» **ACTIVITY**
Of all the entries below, retype only the lines from the one with "- 观点①:我国汽车市场将继" through the one with "- Ahmad, S.;", exactly as they appear.

» **RECORDS FOR PROCESSING**
- - -

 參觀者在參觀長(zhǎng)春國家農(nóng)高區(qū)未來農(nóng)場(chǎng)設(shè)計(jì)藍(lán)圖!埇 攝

- - -

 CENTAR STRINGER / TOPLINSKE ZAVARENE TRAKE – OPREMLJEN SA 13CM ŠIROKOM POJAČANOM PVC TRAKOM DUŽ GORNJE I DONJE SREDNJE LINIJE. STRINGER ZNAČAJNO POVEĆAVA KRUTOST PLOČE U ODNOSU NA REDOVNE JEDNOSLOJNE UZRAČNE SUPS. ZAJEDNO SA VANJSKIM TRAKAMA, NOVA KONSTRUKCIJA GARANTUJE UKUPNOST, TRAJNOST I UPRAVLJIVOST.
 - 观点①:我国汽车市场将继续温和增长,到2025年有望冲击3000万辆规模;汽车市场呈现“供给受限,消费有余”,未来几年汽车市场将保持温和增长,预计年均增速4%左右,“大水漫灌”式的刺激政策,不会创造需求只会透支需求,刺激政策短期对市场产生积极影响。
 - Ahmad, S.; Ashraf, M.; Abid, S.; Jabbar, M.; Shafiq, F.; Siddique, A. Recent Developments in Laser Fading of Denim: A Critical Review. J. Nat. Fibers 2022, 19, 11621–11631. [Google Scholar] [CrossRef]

- - -

» **WRITTEN RESPONSE**
 - 观点①:我国汽车市场将继续温和增长,到2025年有望冲击3000万辆规模;汽车市场呈现“供给受限,消费有余”,未来几年汽车市场将保持温和增长,预计年均增速4%左右,“大水漫灌”式的刺激政策,不会创造需求只会透支需求,刺激政策短期对市场产生积极影响。
 - Ahmad, S.; Ashraf, M.; Abid, S.; Jabbar, M.; Shafiq, F.; Siddique, A. Recent Developments in Laser Fading of Denim: A Critical Review. J. Nat. Fibers 2022, 19, 11621–11631. [Google Scholar] [CrossRef]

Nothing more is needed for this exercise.